TensorBoard: Visualization Toolkit for ML
TensorBoard:机器学习可视化工具包
When to Use This Skill
何时使用该工具
Use TensorBoard when you need to:
- Visualize training metrics like loss and accuracy over time
- Debug models with histograms and distributions
- Compare experiments across multiple runs
- Visualize model graphs and architecture
- Project embeddings to lower dimensions (t-SNE, PCA)

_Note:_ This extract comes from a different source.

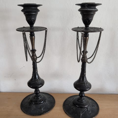 2 flotte smijern lysestaker for kubbelys, høyde 40 cm, dybde ca 14 cm, vekt 1,7 kg pr. stk.

- Track hyperparameter experiments
- Profile performance and identify bottlenecks
- Visualize images and text during training
Users: 20M+ downloads/year | GitHub Stars: 27k+ | License: Apache 2.0
在以下场景中使用TensorBoard:
- 可视化训练指标:如随时间变化的损失值和准确率
- 调试模型:使用直方图和分布图表
- 对比实验:跨多次运行对比实验结果
- 可视化模型图:展示模型架构
- 嵌入投影:将高维数据降维展示(t-SNE、PCA)
- 追踪超参数:记录超参数实验过程
- 性能分析:识别性能瓶颈
- 可视化训练中的图像与文本
用户规模:年下载量超2000万 | GitHub星标:27000+ | 许可证:Apache 2.0
Install TensorBoard
安装TensorBoard
PyTorch integration
PyTorch集成
pip install torch torchvision tensorboard
pip install torch torchvision tensorboard
TensorFlow integration (TensorBoard included)
TensorFlow集成(已包含TensorBoard)
Launch TensorBoard
启动TensorBoard
tensorboard --logdir=runs
tensorboard --logdir=runs
python
from torch.utils.tensorboard import SummaryWriter
python
from torch.utils.tensorboard import SummaryWriter
writer = SummaryWriter('runs/experiment_1')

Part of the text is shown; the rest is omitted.